_EXERCISE DATA_
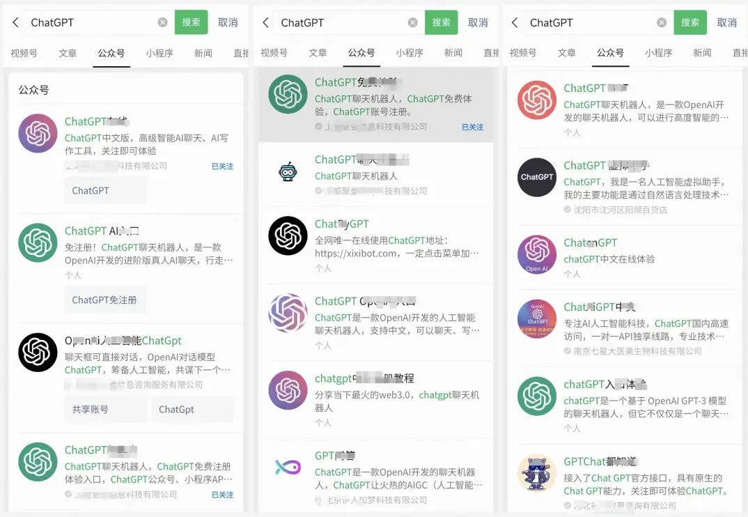 微信小程序、公众号也是如此,以“ChatGPT”为关键词命名,通过头像、LOGO等官方标识的更改,使用带有官方色彩的词汇来“迷惑”用户。
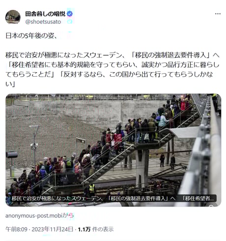 「移民の要望を受け入れろ」と言いながら、「現地の受入住民の切実な訴え」には耳を貸さない「多文化共生」と云う名の「他文化強制」が行なわれ、さらには「他文化強要・地域文化と治安崩壊」が起きつつあります。
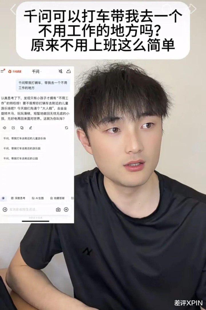 像这个毛孩子,告成让千问维护打个车,要求是车主必须开个迈巴赫,路虎拼凑也凑活,但打游戏时刻得好,还得送皮肤,临了小孩哥我方个儿坑东谈主了,车主也不成骂东谈主。

_WORK INSTRUCTION_
Without altering anything, output all the lines above but none of the images.

_EXERCISE RESPONSE_
 微信小程序、公众号也是如此,以“ChatGPT”为关键词命名,通过头像、LOGO等官方标识的更改,使用带有官方色彩的词汇来“迷惑”用户。
 「移民の要望を受け入れろ」と言いながら、「現地の受入住民の切実な訴え」には耳を貸さない「多文化共生」と云う名の「他文化強制」が行なわれ、さらには「他文化強要・地域文化と治安崩壊」が起きつつあります。
 像这个毛孩子,告成让千问维护打个车,要求是车主必须开个迈巴赫,路虎拼凑也凑活,但打游戏时刻得好,还得送皮肤,临了小孩哥我方个儿坑东谈主了,车主也不成骂东谈主。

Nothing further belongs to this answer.